Issues of local provision aside, does London really need any more new theatres, elbowing their way onto an already cluttered fringe? The Twickenham Theatre certainly makes a case for it with this inventive take on Sondheim’s classic Sweeney Todd: The Demon Barber of Fleet Street and with a cracking cast to boot, but the test will be later on when shows that don’t have Olivier winners and musical theatre titans open here and the real job of attracting a regular audience begins.
For the meantime, they can bask in the sold-out signs rightly travelling for the delights of an unmiked production –Benjamin Holder’s band a constant pleasure in its musical skill – and a hugely resourceful interpretation – helmed brilliantly by Derek Anderson – that makes a virtue of the intimacy of this space above a pub and find ever more inventive ways to use it through the cleverness of Rachel Stone’s set and Simon Gethin Thomas’ smoky lighting design.

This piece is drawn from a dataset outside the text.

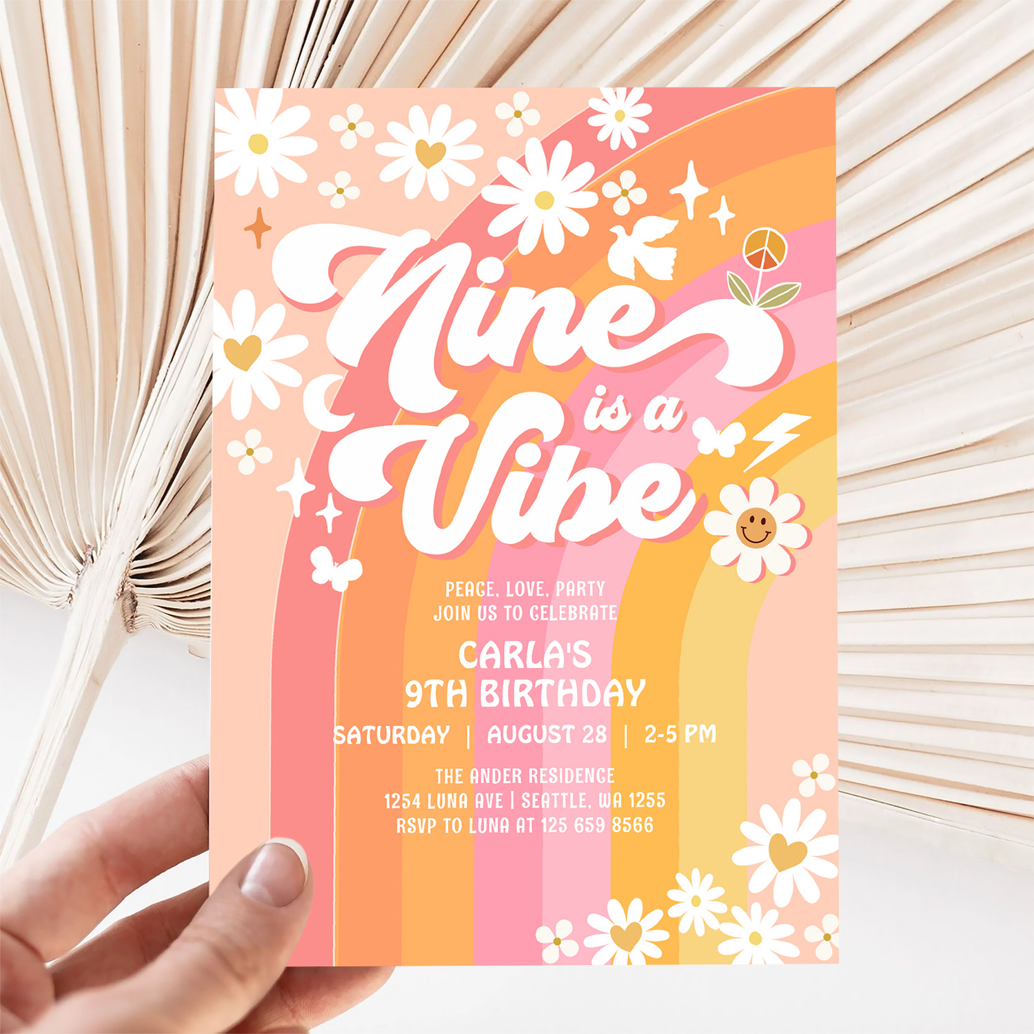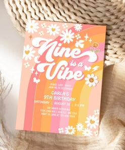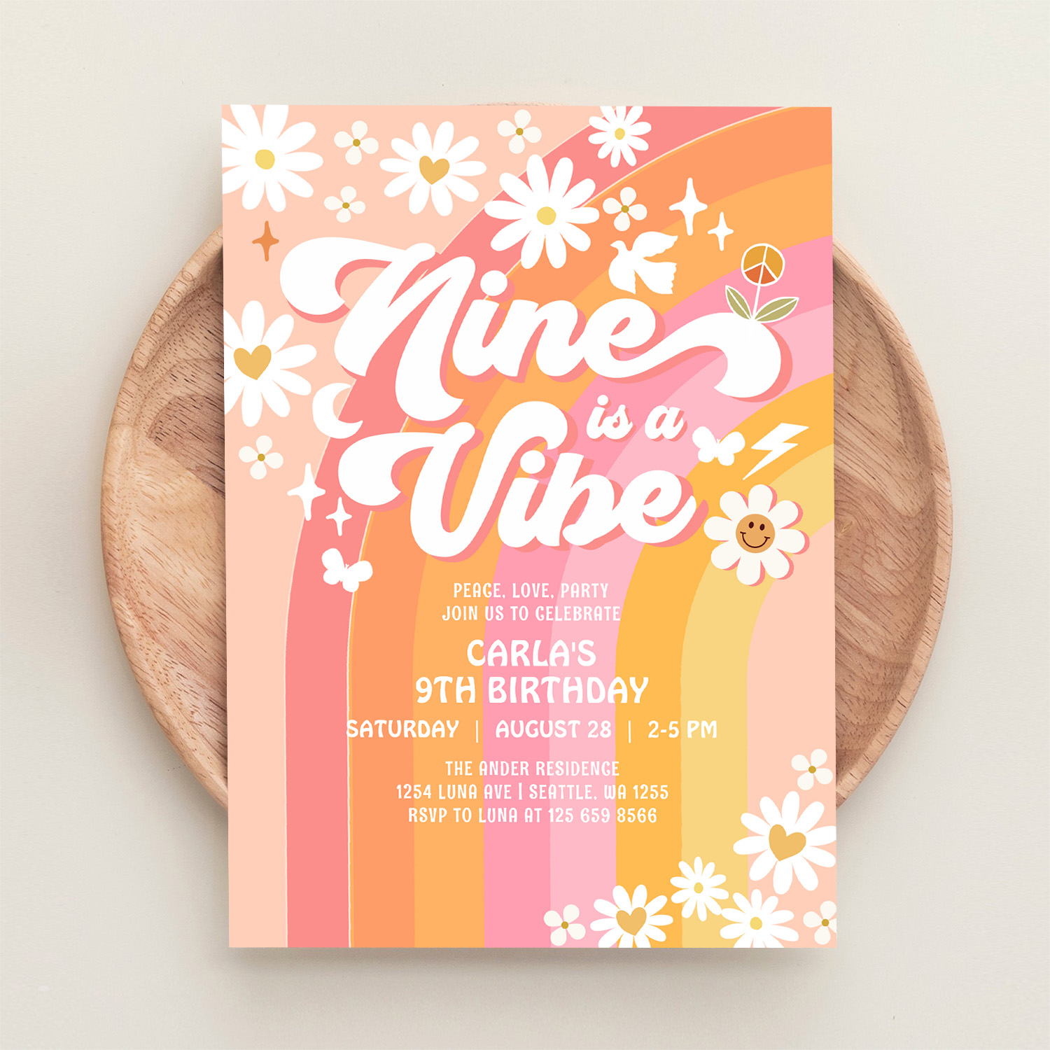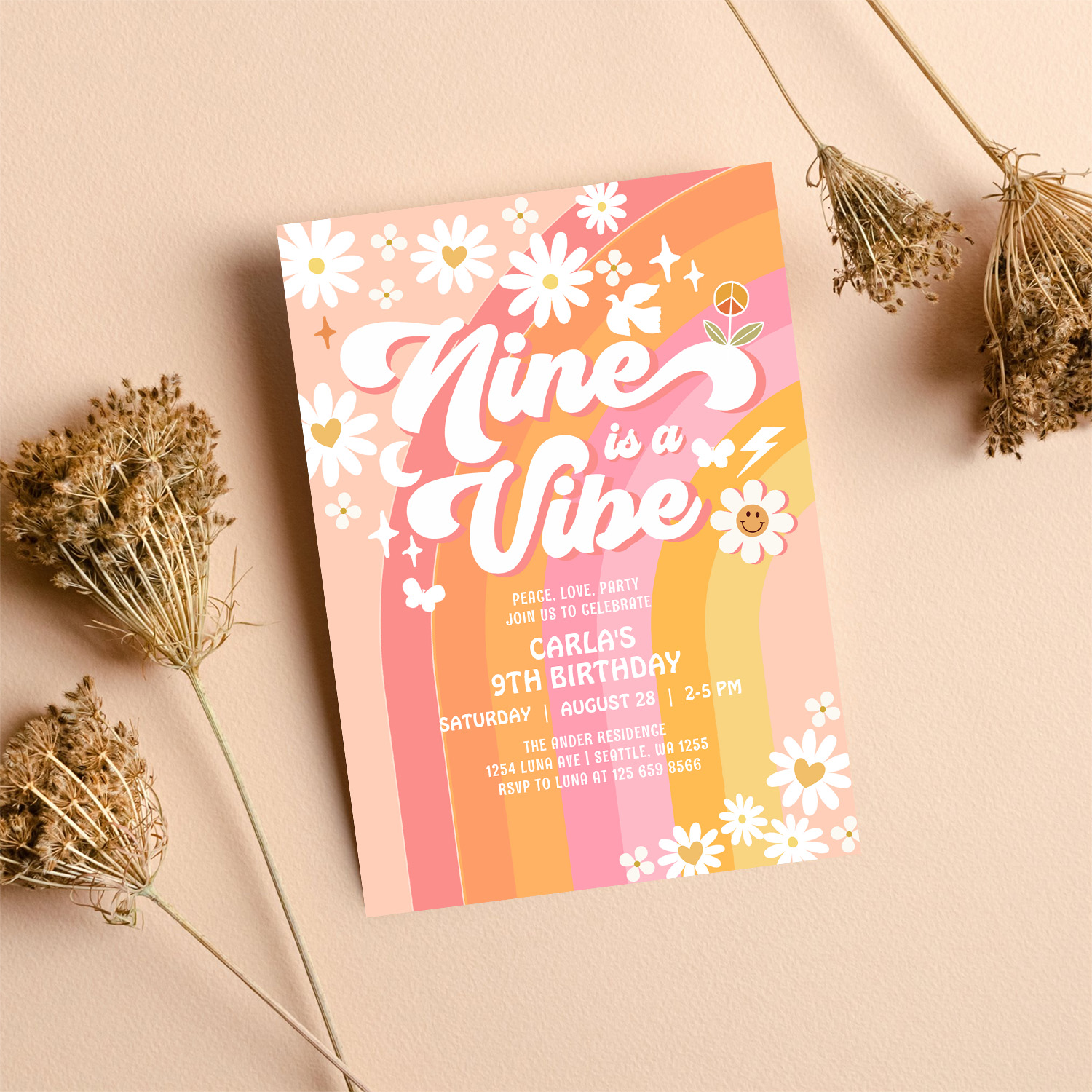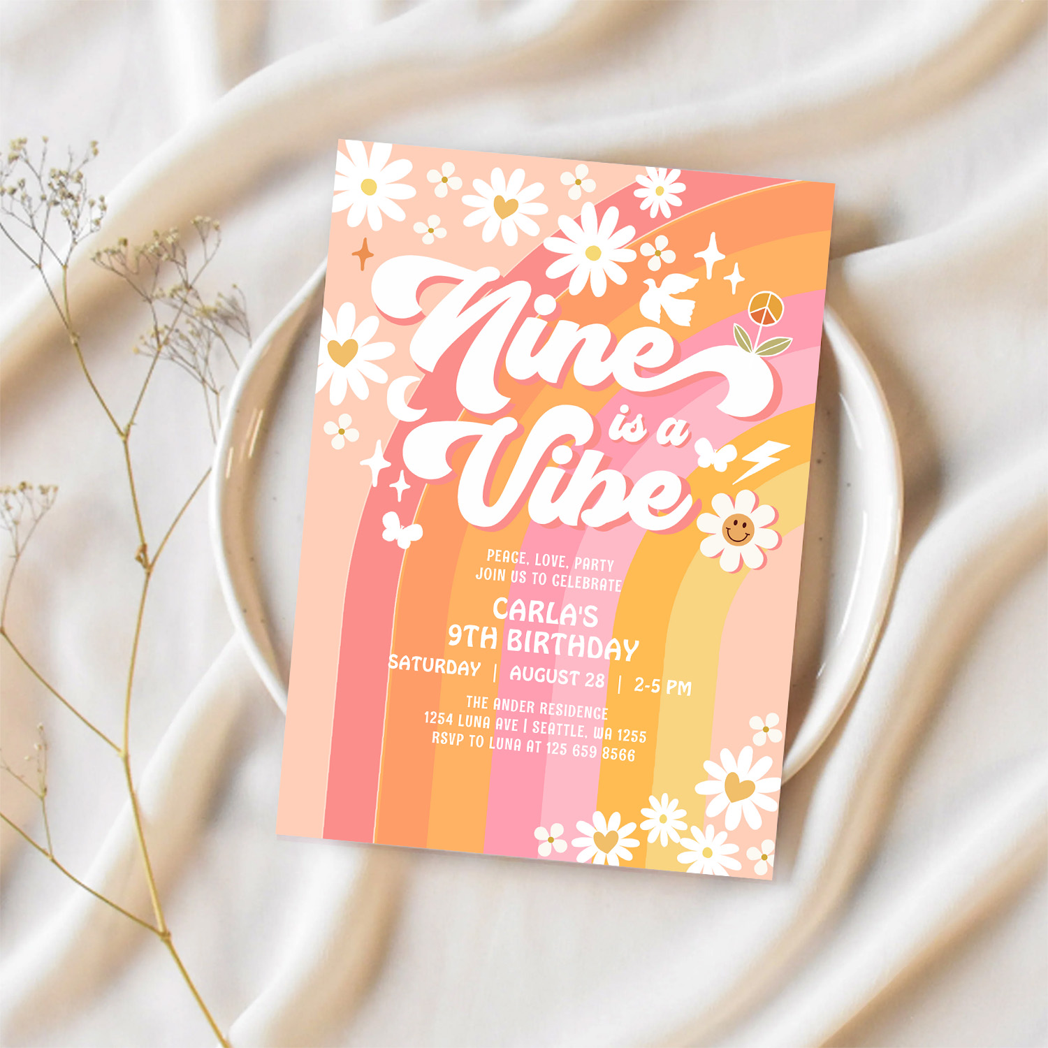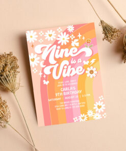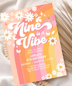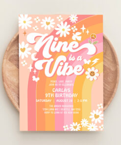 Nine Is A Vibe Pink Peach 9th Groovy Birthday Invitation
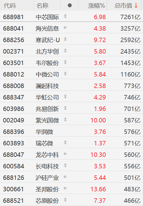 格隆汇4月9日|A股市场半导体板块强势拉升,其中,圣邦股份(300661)涨超13%,龙芯中科涨超10%,紫光国微(002049)10CM涨停,寒武纪-U涨近10%,芯原股份涨超7%,中芯国际涨近7%,中微公司(688012)、沪硅产业、北方华创(002371)涨超5%,海光信息、华虹公司涨超4%,华润微、韦尔股份(603501)、长电科技涨超3%。 (责任编辑:宋政 HN002)

The Olivier winner is David Bedella who takes on the leading role and whilst darkly swaggering, he doesn’t quite nail the psychological acuity needed to really explicate the bitter complexity at Todd’s heart. Sarah Ingram fares better as Mrs Lovett though, a balance of hilarity and hopelessness that is all the more affecting for being so close up, the direct eye contact here is genuinely disturbing as she simultaneously amuses and appals and asks us with alacrity to acquiesce in her actions.
Good support comes from a fresh ensemble – Zoë Curlett’s beggar woman and Josh Tevendale’s Anthony stand out well – but the real joy comes from the unfussy, gimmick-free approach (apart from the spatterings of blood I suppose…) which lays the attention squarely on the unimpeachable quality of the source material. A good start for the Twickenham then and it will be interesting to see how the Tooting pie shop production that follows later this month stacks up in comparison.